**TRY IT**
This exercise calls for an exact copy of the listing, with no pictures kept.
[[ SUPPLIED MATERIAL open ]]
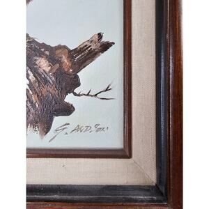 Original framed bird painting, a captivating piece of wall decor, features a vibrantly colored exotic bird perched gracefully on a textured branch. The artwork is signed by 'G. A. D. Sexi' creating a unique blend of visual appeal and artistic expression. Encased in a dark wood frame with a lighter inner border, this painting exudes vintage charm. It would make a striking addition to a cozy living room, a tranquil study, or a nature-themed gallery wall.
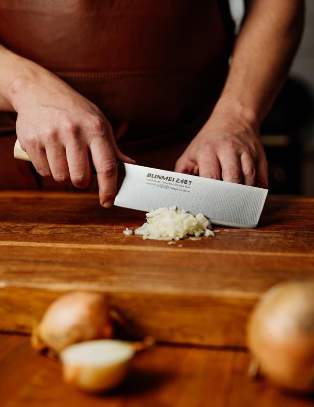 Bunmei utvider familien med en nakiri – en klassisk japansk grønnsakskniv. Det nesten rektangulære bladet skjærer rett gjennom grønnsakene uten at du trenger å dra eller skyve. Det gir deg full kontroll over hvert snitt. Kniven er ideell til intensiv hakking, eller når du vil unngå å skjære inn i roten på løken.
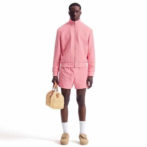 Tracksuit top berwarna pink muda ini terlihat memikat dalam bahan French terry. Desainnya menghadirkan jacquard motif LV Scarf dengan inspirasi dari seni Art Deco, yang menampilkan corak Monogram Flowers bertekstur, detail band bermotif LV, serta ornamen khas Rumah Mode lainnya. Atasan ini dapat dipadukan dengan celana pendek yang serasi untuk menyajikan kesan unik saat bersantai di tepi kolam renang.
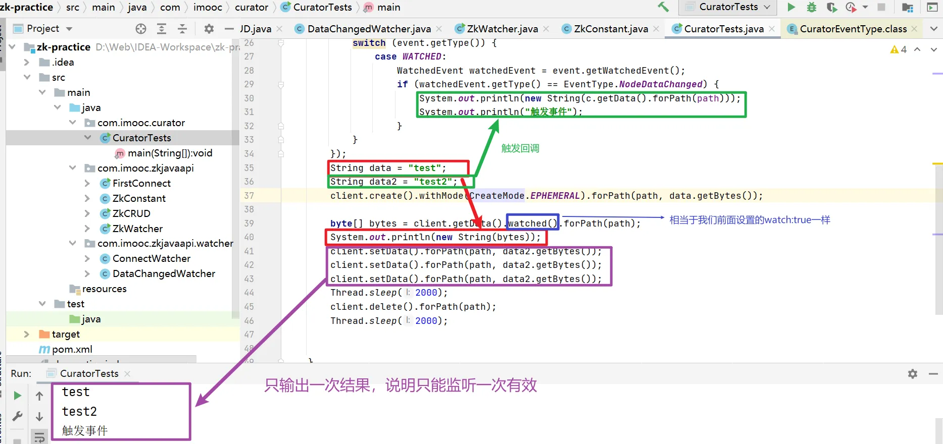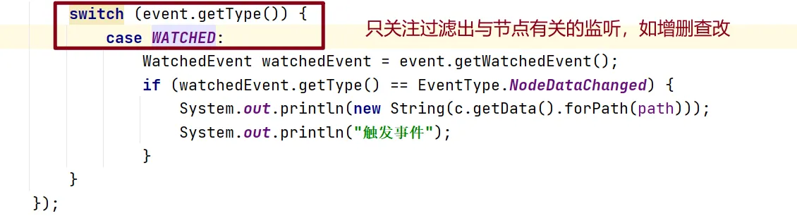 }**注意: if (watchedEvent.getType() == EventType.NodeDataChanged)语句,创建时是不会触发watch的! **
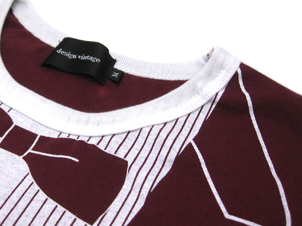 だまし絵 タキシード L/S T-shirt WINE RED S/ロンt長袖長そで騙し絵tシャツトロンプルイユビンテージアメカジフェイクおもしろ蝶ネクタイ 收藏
[[ SUPPLIED MATERIAL closed ]]
**RESPONSE FOR THIS EXERCISE**
 Original framed bird painting, a captivating piece of wall decor, features a vibrantly colored exotic bird perched gracefully on a textured branch. The artwork is signed by 'G. A. D. Sexi' creating a unique blend of visual appeal and artistic expression. Encased in a dark wood frame with a lighter inner border, this painting exudes vintage charm. It would make a striking addition to a cozy living room, a tranquil study, or a nature-themed gallery wall.
 Bunmei utvider familien med en nakiri – en klassisk japansk grønnsakskniv. Det nesten rektangulære bladet skjærer rett gjennom grønnsakene uten at du trenger å dra eller skyve. Det gir deg full kontroll over hvert snitt. Kniven er ideell til intensiv hakking, eller når du vil unngå å skjære inn i roten på løken.
 Tracksuit top berwarna pink muda ini terlihat memikat dalam bahan French terry. Desainnya menghadirkan jacquard motif LV Scarf dengan inspirasi dari seni Art Deco, yang menampilkan corak Monogram Flowers bertekstur, detail band bermotif LV, serta ornamen khas Rumah Mode lainnya. Atasan ini dapat dipadukan dengan celana pendek yang serasi untuk menyajikan kesan unik saat bersantai di tepi kolam renang.
 }**注意: if (watchedEvent.getType() == EventType.NodeDataChanged)语句,创建时是不会触发watch的! **
 だまし絵 タキシード L/S T-shirt WINE RED S/ロンt長袖長そで騙し絵tシャツトロンプルイユビンテージアメカジフェイクおもしろ蝶ネクタイ 收藏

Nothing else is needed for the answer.